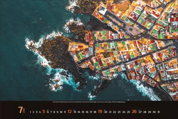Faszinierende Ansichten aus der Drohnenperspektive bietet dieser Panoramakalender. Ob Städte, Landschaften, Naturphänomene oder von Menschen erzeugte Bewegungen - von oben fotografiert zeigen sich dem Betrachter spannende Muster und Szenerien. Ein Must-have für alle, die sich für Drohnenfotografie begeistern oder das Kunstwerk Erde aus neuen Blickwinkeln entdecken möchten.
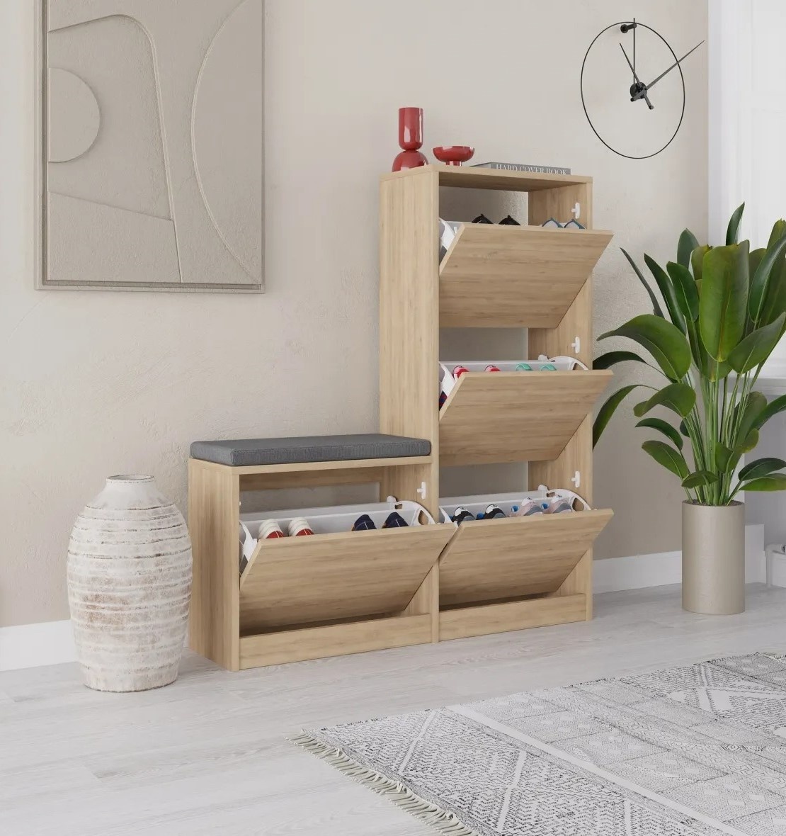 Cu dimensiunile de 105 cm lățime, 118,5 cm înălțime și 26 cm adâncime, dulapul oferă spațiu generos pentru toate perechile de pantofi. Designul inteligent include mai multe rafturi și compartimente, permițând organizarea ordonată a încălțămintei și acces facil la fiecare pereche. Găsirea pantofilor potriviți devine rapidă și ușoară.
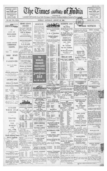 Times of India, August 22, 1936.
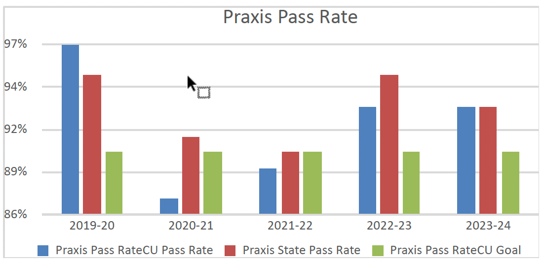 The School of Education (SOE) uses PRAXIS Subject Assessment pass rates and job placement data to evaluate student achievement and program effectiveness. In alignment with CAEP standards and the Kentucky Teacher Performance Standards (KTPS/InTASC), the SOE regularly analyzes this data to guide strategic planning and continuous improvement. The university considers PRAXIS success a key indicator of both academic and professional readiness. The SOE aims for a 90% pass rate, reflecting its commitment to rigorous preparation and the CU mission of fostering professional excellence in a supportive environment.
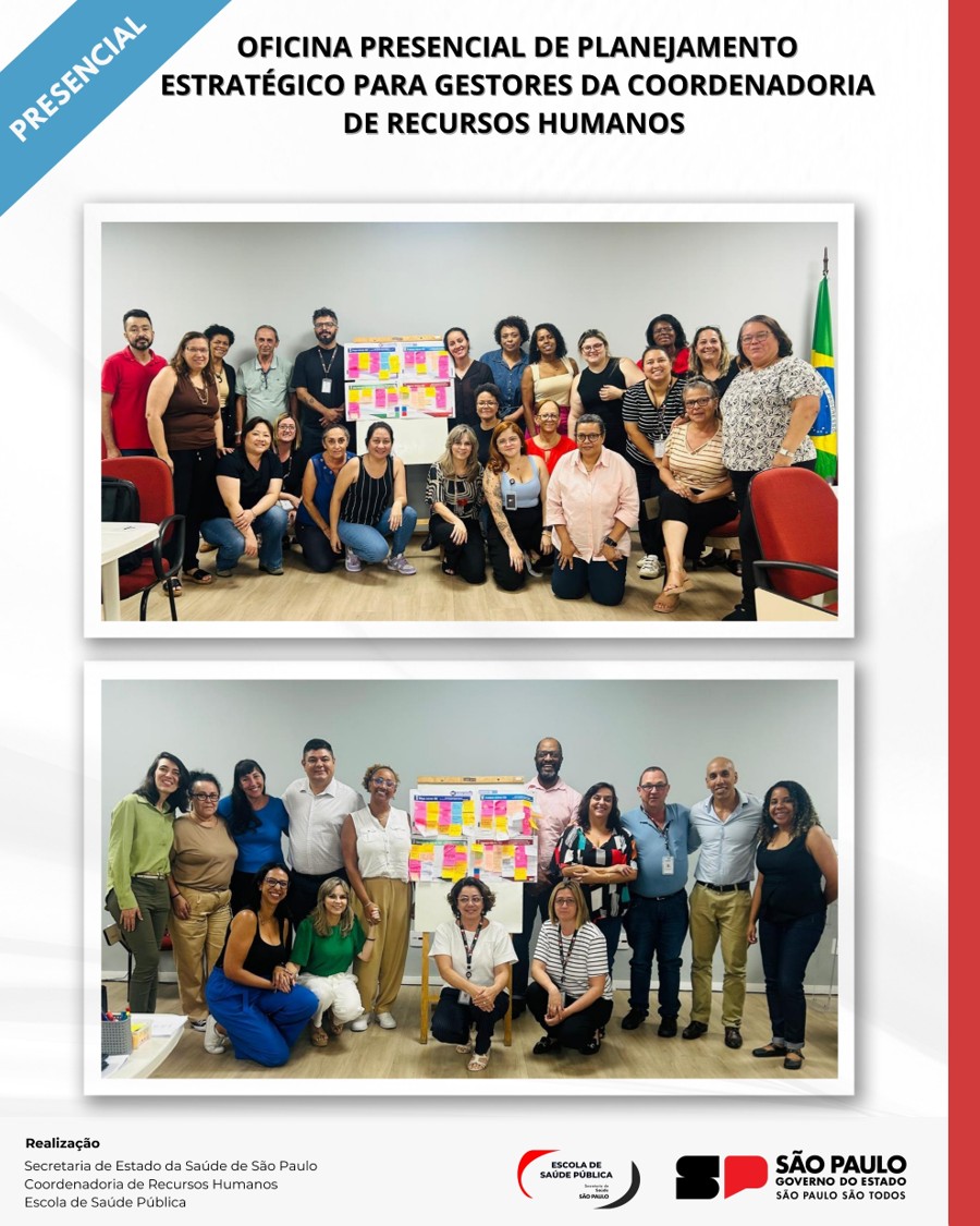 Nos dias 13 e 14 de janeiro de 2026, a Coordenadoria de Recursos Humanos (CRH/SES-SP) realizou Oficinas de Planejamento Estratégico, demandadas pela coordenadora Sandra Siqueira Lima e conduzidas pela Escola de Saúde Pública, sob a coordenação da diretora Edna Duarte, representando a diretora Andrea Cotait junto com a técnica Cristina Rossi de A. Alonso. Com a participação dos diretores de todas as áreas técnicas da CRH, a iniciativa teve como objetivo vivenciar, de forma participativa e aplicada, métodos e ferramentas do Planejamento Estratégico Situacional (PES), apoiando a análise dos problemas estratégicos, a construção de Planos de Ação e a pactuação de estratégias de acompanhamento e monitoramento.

──────────────────────────────

**EXERCISE**
An exact copy of all the records is required, with the pictures omitted.

**RESULT OF THE EXERCISE**
Faszinierende Ansichten aus der Drohnenperspektive bietet dieser Panoramakalender. Ob Städte, Landschaften, Naturphänomene oder von Menschen erzeugte Bewegungen - von oben fotografiert zeigen sich dem Betrachter spannende Muster und Szenerien. Ein Must-have für alle, die sich für Drohnenfotografie begeistern oder das Kunstwerk Erde aus neuen Blickwinkeln entdecken möchten.
 Cu dimensiunile de 105 cm lățime, 118,5 cm înălțime și 26 cm adâncime, dulapul oferă spațiu generos pentru toate perechile de pantofi. Designul inteligent include mai multe rafturi și compartimente, permițând organizarea ordonată a încălțămintei și acces facil la fiecare pereche. Găsirea pantofilor potriviți devine rapidă și ușoară.
 Times of India, August 22, 1936.
 The School of Education (SOE) uses PRAXIS Subject Assessment pass rates and job placement data to evaluate student achievement and program effectiveness. In alignment with CAEP standards and the Kentucky Teacher Performance Standards (KTPS/InTASC), the SOE regularly analyzes this data to guide strategic planning and continuous improvement. The university considers PRAXIS success a key indicator of both academic and professional readiness. The SOE aims for a 90% pass rate, reflecting its commitment to rigorous preparation and the CU mission of fostering professional excellence in a supportive environment.
 Nos dias 13 e 14 de janeiro de 2026, a Coordenadoria de Recursos Humanos (CRH/SES-SP) realizou Oficinas de Planejamento Estratégico, demandadas pela coordenadora Sandra Siqueira Lima e conduzidas pela Escola de Saúde Pública, sob a coordenação da diretora Edna Duarte, representando a diretora Andrea Cotait junto com a técnica Cristina Rossi de A. Alonso. Com a participação dos diretores de todas as áreas técnicas da CRH, a iniciativa teve como objetivo vivenciar, de forma participativa e aplicada, métodos e ferramentas do Planejamento Estratégico Situacional (PES), apoiando a análise dos problemas estratégicos, a construção de Planos de Ação e a pactuação de estratégias de acompanhamento e monitoramento.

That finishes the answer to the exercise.